GA : Je ne crois pas qu’ils puissent continuer longtemps. S’ils veulent négocier avec la Russie, ils ne peuvent le faire à partir de position de force qu’ils n’ont pas. C’est un problème interne au gouvernement Porochenko, même si le président a été élu par la majorité.
MH : L’abstention a été élevée ?
GA : On n’a pas de chiffres. Ni de Poutine ni des autres parce qu’ils essayent de jouer aux échecs dans l’obscurité et avec des pièces matelassées pour que personne ne sachent où elles vont. Tout ce qui est expression de la volonté du peuple ou d’organisations disparaît.
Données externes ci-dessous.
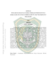 Ardaus, Ardaus (2018) Pengaruh Lingkungan Kerja Terhadap Produktivitas Kerja Karyawan Pada Pabrik Karet Pt. P&P “Bangkinang” Pekanbaru. Other thesis, Universitas Islam Riau.

MH : Revenons aux affrontements entre l’armée ukrainienne et les milices...
GA : L’armé agit avec vigueur, mais elle traîne les pieds, parce qu’elle pourrait, et a même menacé de le faire, utiliser des moyens plus modernes, plus efficaces et intervenir massivement, mais elle ne veut pas pousser les choses jusqu’à l’irréparable, entre autres raisons, parce que je pense qu’il doit y avoir de grandes dissensions à l’intérieur du gouvernement ukrainien. Je n’ai pas de faits précis, mais, bien que tous soient d’accord pour rejoindre l’Europe occidentale, ils ne le sont pas pour affronter immédiatement un colosse comme l’armée russe. Il y a une lutte entre les partis, les tendances dans laquelle les plus durs sont passés au second plan parce qu’ils n’ont pas eu de bons résultats électoraux, mais ils sont toujours là. Ils sont partisans de sonder le terrain, comme on dit au Mexique "d’adapter l’eau nécessaire pour faire cuire la patate." (=examiner la situation pour prendre une décision).
Guillermo Almeyra, né à Buenos Aires en 1928, a milité dans la gauche argentine politique et syndicale. Exilé politique en Italie, il vit aujourd’hui au Mexique, et est journaliste éditorialiste au principal quotidien de gauche La Jornada. Titulaire d’un doctorat en sciences politiques, il enseigne à l’Université nationale autonome du Mexique la politique contemporaine. Il a notamment publié, Etica y rebelión (Ethique et rébellion, 1998), Che Guevara : el pensamiento rebelde (Che Guevara : la pensée rebelle, 1992, réédité par les Ediciones Continente, 2004) et Polonia : obreros, burócratas, socialismo (Pologne : ouvriers, bureaucrates, socialisme, 1981).